Even after two decades of allowing private players, the penetration of Indian insurance industry is less than 5% of the GDP. IRDAI data shows that India’s insurance penetration has gone up from 2.71% of the GDP to 4.20% of the GDP between 2001-02 and 2020-21.
In terms of penetration, India is far behind the global average of 7.2% of the GDP. India is ranked 21 in terms of penetration. Countries like Taiwan, South Africa, the USA and South Korea report higher penetration of 17.40%, 13.70%, 12.00% and 11.60% respectively.
While the penetration of life insurance sector has gone up from 2.15% in FY 2001-02 to 3.20% FY 2020-21, non-life insurance penetration has gone up from 0.56% to 1.00% over the last 20 years.
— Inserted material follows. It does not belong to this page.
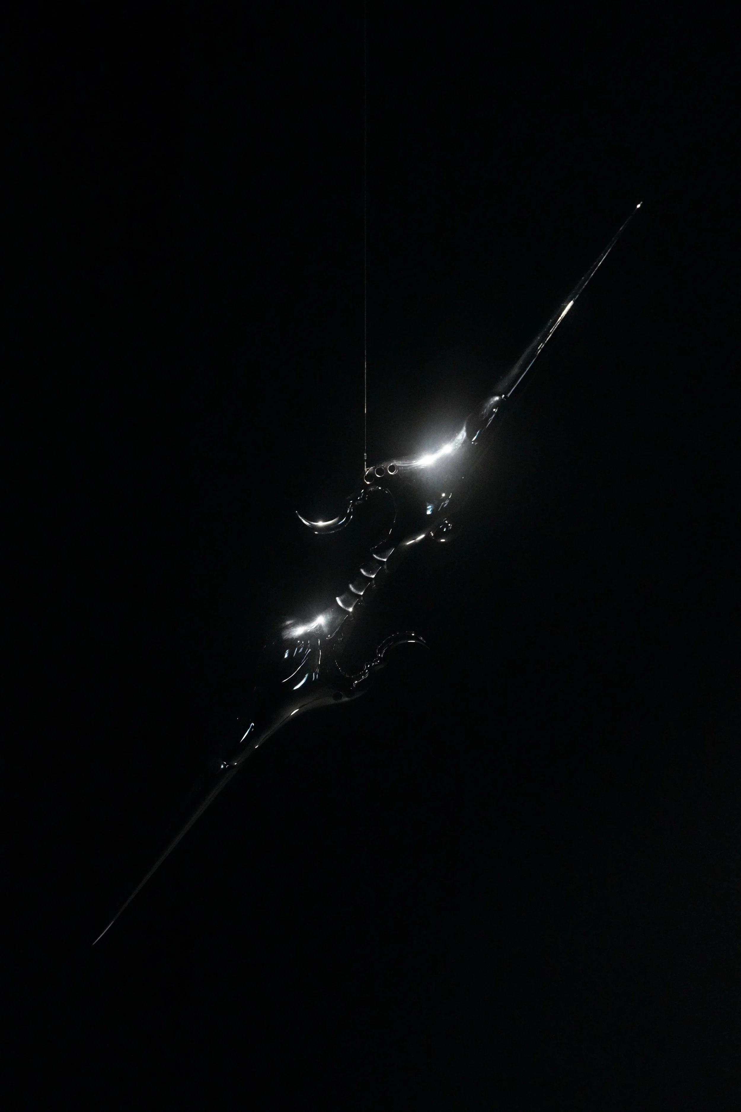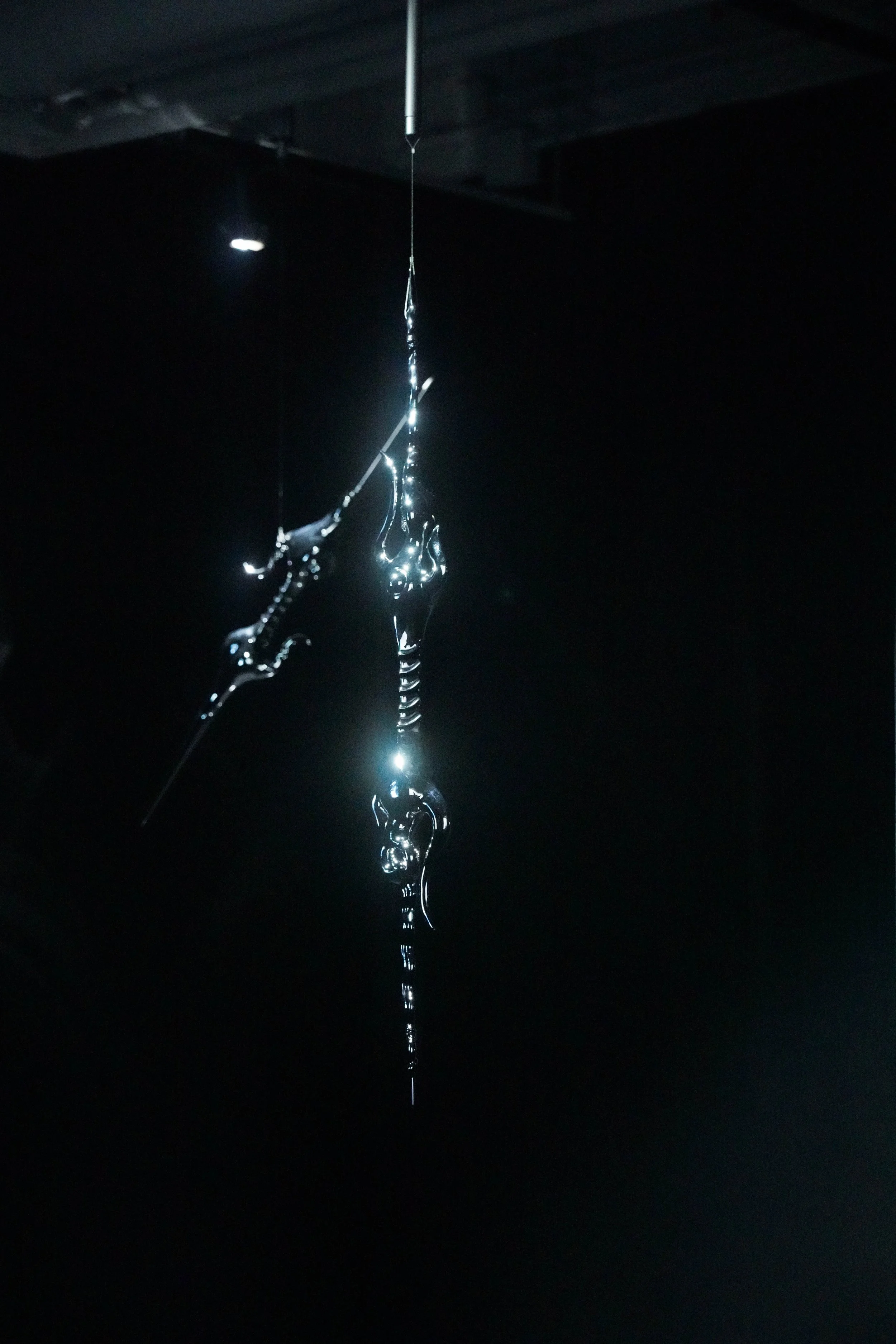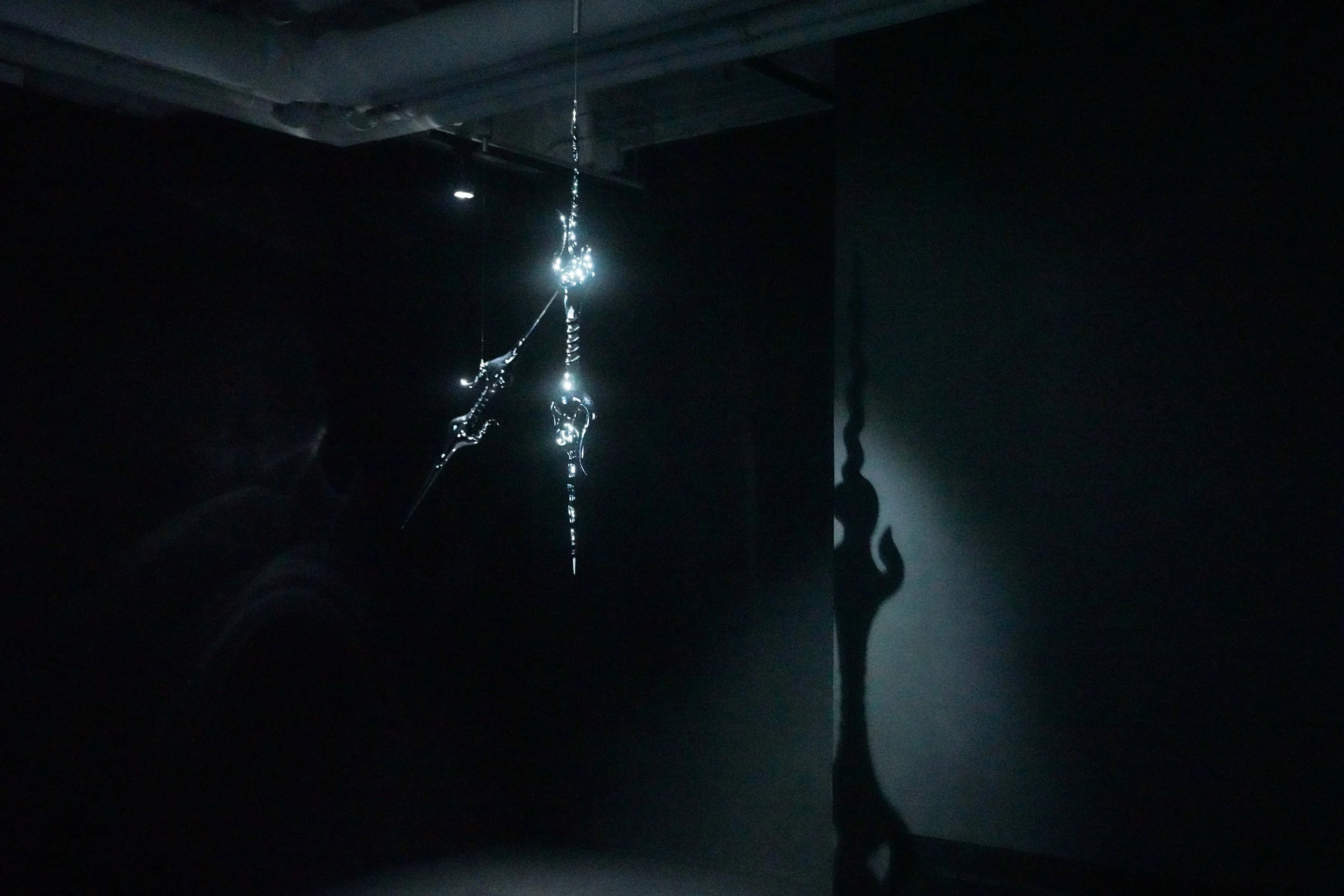 This reclamation continues in Serpents, a pair of electro-plated 3D-printed swords worn in the performance Relics. Reimagining pre-colonial Filipino weapons archived in Western institutions, the work questions erased lineages and displaced indigenous knowledge. Reconfigured here as a kinetic installation, the swords move in a state of perpetual flux—ascension and descension, obliteration and resurrection. This mechanic reactivates the double swords, transforming a weapon of war into a ritual tool for healing. It confronts the resonance of amnesia and remembrance, asking how a body becomes a relic cracking the endurance of migration and colonization, rejuvenates again.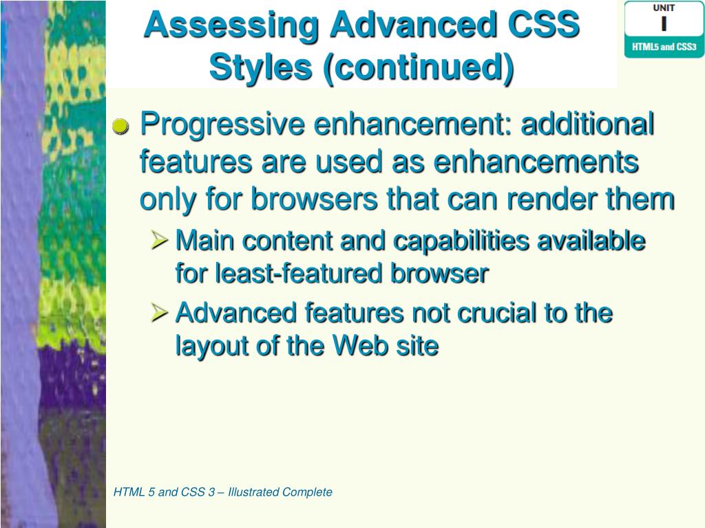 Assessing Advanced CSS Styles (continued) • Shims or patches: scripts written specifically to bridge the gap between browsers with reduced feature sets and more fully featured browsers • Available for use by anyone free of charge • Some address a single issue • Some tools package shims in a library of scripts • Examples: Modernizr, PIE HTML 5 and CSS 3 – Illustrated Complete

Over the last one year, the penetration of Indian insurance has grown to 4.20% of the GDP in FY 2020-21 from 3.70% of the GDP in 2019-20.
Insurance density
Between FY 2001-02 and FY 2020-21, insurance density has increased from $11.50 in FY2001-02 to $78 in FY2020-21. The growth has been steady, barring a few ups and downs.
While life insurance density has gone up from USD 9.1 in 2001-02 to USD 59 in 2020-21, non-life insurance density has gone up from USD 2.4 to USD 19 during the corresponding period.
Globally, the overall insurance density stands at USD 809. The USA, Switzerland, Singapore and Netherlands report higher density at USD 7673, USD 7224, USD 5638 and USD 5022 respectively.
Over the last one year, the density has remained constant at USD 78.
Why penetration and density matter
Insurance penetration and density indicate level of development in the insurance sector.
While penetration is measured as the percentage of insurance premium to GDP. Insurance density is the ratio of premium to population (per capita premium).